SimPy docs -- Interrupt process question

[experience]

I'm going through the topical guides of SimPy, in particular the one on Process Interactions. 

There is something said in passing at the end of the section: 

Since we don’t do anything special to the original target event of the process, the interrupted process can yield the same event again after catching the Interrupt – Imagine someone waiting for a shop to open. The person may get interrupted by a phone call. After finishing the call, he or she checks if the shop already opened and either enters or continues to wait.

I find that this is unclear and would benefit from an example. From the last example code given, it looks like whenever a process is interrupted, it won't ever go back to waiting for whatever if was originally waiting for. How does that work out?

Thanks in advance.

[Michael Gibbs]

The real point the doc is making is just because your process gets interrupted, your process dose not need to end.  The interrupt is a exception and just like any other exception handlers, all the variable (and events) of the process are still in scope.  So one of your options for handling the interrupt is to resume yielding to the same event you were yielded to when you got interrupted.  This is one way processes can communicate, though event callbacks may be a better option.  Here is a quick demo where I resume on the first interrupt, but stop on the second

"""

    Simple demo on how to handel process interrupts

    Programmer: Michael R. Gibbs

"""

from re import I

import simpy

def the_process(env):

    """

        simple process that will get interrupted

    """

    i_cnt = 0   # count the number of interuptions

    not_done = True # flags when done

    # event that process yields to

    the_event = env.timeout(15)

    print(f'{env.now:0.2f} the process has started')

    # loop until done

    while not_done:

        try:

            yield the_event

        except simpy.Interrupt as i:

            # have been interupted

            i_cnt += 1

            print(f'{env.now:0.2f} the process has been intrruped {i_cnt} times {i.cause}')

            # there are several ways you can process the interupt

            if i_cnt == 1:

                # process the error and resume

                # the loop will yield to the same event as before, not a new event

                # because the interupt does not end other events, even events

                # created by this process

                print(f'{env.now:0.2f} the process handeled the intrupt and resumed')

            elif i_cnt == 2:

                # process the error and exit the process

                # by stopping the loop

                not_done = False

                print(f'{env.now:0.2f} the process handeled the intrupt and is stopping')

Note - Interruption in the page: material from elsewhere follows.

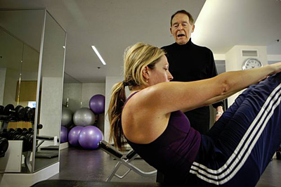 Jack LaLanne, 95, guides reporter Carolyne Zinko through a mini-workout.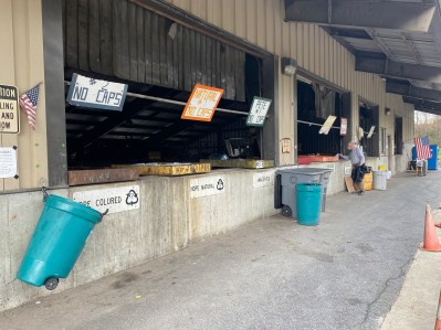 Because I’d always lived in cities with garbage trucks that magically whisked everything away, I’d never before encountered an actual transfer station before. (This is the real name for the dump, which no one uses.) I was a little shocked: residents drive right alongside a series of enormous concrete bays into which we pour our different sorted categories of recycling. If you peer over the edge you can see the cascading piles of stuff on the lower level, a cavernous open space where the trucks of contractors drive in and out, dropping off construction debris. On most days the place is filled with the sounds of crashing metal and breaking glass.

            # third option is to rethrow the interupt and let a parrent process deal with it

    print(f'{env.now:0.2f} the process has ended')

def the_interrupter(env, the_process):

    """

        interupts a process two time

    """

       

    yield env.timeout(5)

    print(f'{env.now:0.2f} sending first interrupt')

    the_process.interrupt("first interrupt")

    yield env.timeout(5)

    print(f'{env.now:0.2f} sending second interrupt')

    the_process.interrupt("second interrupt")

env = simpy.Environment()

process1 = env.process(the_process(env))

env.process(the_interrupter(env, process1))

env.run(100)

[experience]

Thanks a lot for this explanation and the example, that makes a lot of sense!